Wer kommt, wenn der Rettungsdienst geht? RD-MitarbeiterInnen stehen oft vor dem Problem, sich und ihr Fahrzeug so schnell wie möglich wieder einsatzfähig zu machen und gleichzeitig noch einen enormen Betreuungsbedarf in der Familie der Hinterbliebenen oder Angehörigen zu spüren. Ehrenamtliche HelferInnen können, gut ausgebildet, das Loch zwischen dem RD und sonstiger Unterstützung aus dem sozialen Umfeld schließen.
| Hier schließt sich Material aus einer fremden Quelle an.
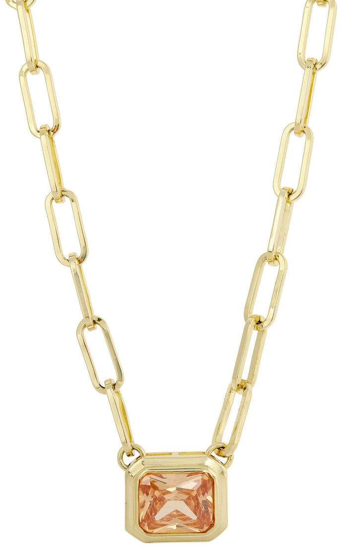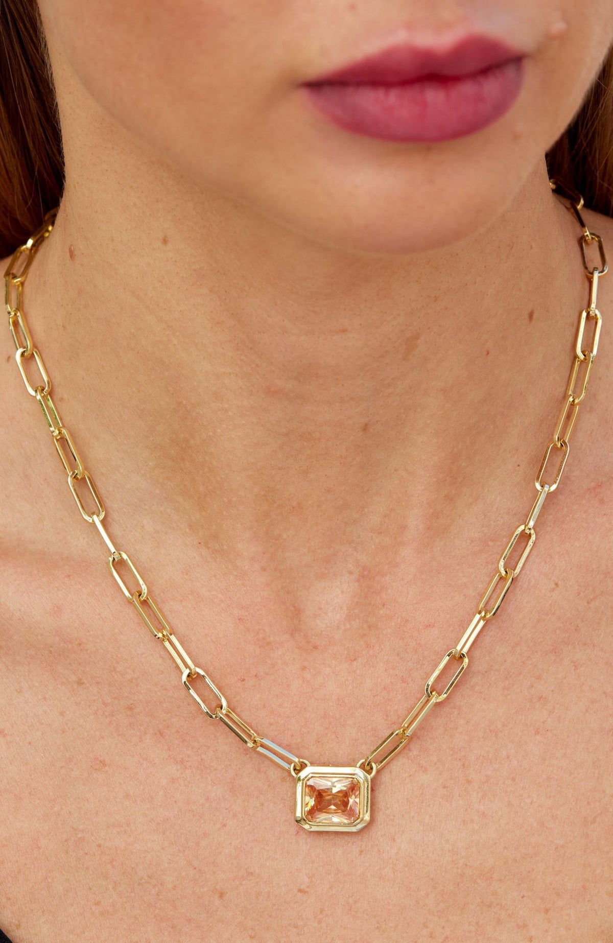 The 18K Gold Plated Paperclip Necklace Champagne Center by Savvy Cie features open paperclip links with a radiant cut champagne center stone, perfect for adding sophistication to any outfit.

Die hier konzipierte Ausbildung zum/r HelferIn in der Notfallnachsorge umfaßt ca. 80 Unterrichtseinheiten mit den Themenbereichen: Kommunikation, Psychologie des menschlichen Verhaltens, Krisenintervention, Recht, Entwicklungspsychologie, Paar-/Beziehungskonflikte, Tod und Sterben, Suizidologie, Psychische Störungen, SIDS, Selbstinstruktionen, Entspannungstraining, Verarbeitung der eigenen Erlebnisse aus Betreuungen, Strategien zum Aufbau einer Notfallnachsorgegruppe sowie Einsatzstrategien im Betreuungsfall.

 

Einsatzmanagement

Inhalte:

Ausgehend von der rettungsdienstlichen Praxis, dass der/die erste RA vor Ort bei größeren Schadensereignissen zunächst die Sichtung und die erste Einsatzplanung und -leitung bis zum Eintreffen des Einsatzleiters-Rettungsdienst (EL-RD) übernimmt, werden die Teilnehmenden in diesem Seminar geschult, ihre Wahrnehmungs- und Aufmerksamkeitsspanne zu verbreitern und den körperlichen Stressreaktionen entgegen zu wirken. Außerdem erhalten sie Hinweise, wie sie sich dabei unterstützen können, der veränderten Priorität ihres Handelns (Sichten statt Versorgen!) gerecht zu werden. Des weiteren gehört der Umgang mit Schaulustigen genauso zu den Übungsthemen wie die gezielte Notfallübergabe an den nachfolgenden EL-RD. Die Zusammenarbeit und die Kommunikation mit den nachfolgenden Einsatzkräften des RD, der Feuerwehr, Polizei, des Kat-Schutzes etc. wird anhand realitätsnaher Rollenspiele eingeübt.

 

Einsatzleiter Rettungsdienst

Inhalte:

In diesem Seminar lernen die Teilnehmenden, welche psychologischen Methoden ihnen helfen, Überblick zu bewahren, Einsatzabläufe zu organisieren, verschiedene Einsatzkräfte zu koordinieren und die beteiligten Kolleginnen und Kollegen zu führen. Besonderes Augenmerk wird auf den Umgang mit Schaulustigen, Angehörigen und Einsatzkräften anderer Organisationen gelegt. Die Teilnehmenden lernen unter anderem, wie Anweisungen am effektivsten formuliert werden, wie sie extreme Aufregung und Anspannung aller Beteiligten senken, wie sie ihre Funktion als Leitungskraft vor Ort deutlich machen und wie sie effizient kommunizieren können. Durch mentales Training und Rollenspiele werden sie auf die extremen Belastungen vorbereitet, die dadurch entstehen, dass sie für alle Patienten, alle Einsatzkräfte und die Kommunikation mit der Leitstelle gleichzeitig verantwortlich sind. Sie lernen ihre eigenen Belastungsreaktionen erkennen und erhalten Hilfsmittel, mit denen sie diesen rechtzeitig entgegen steuern können.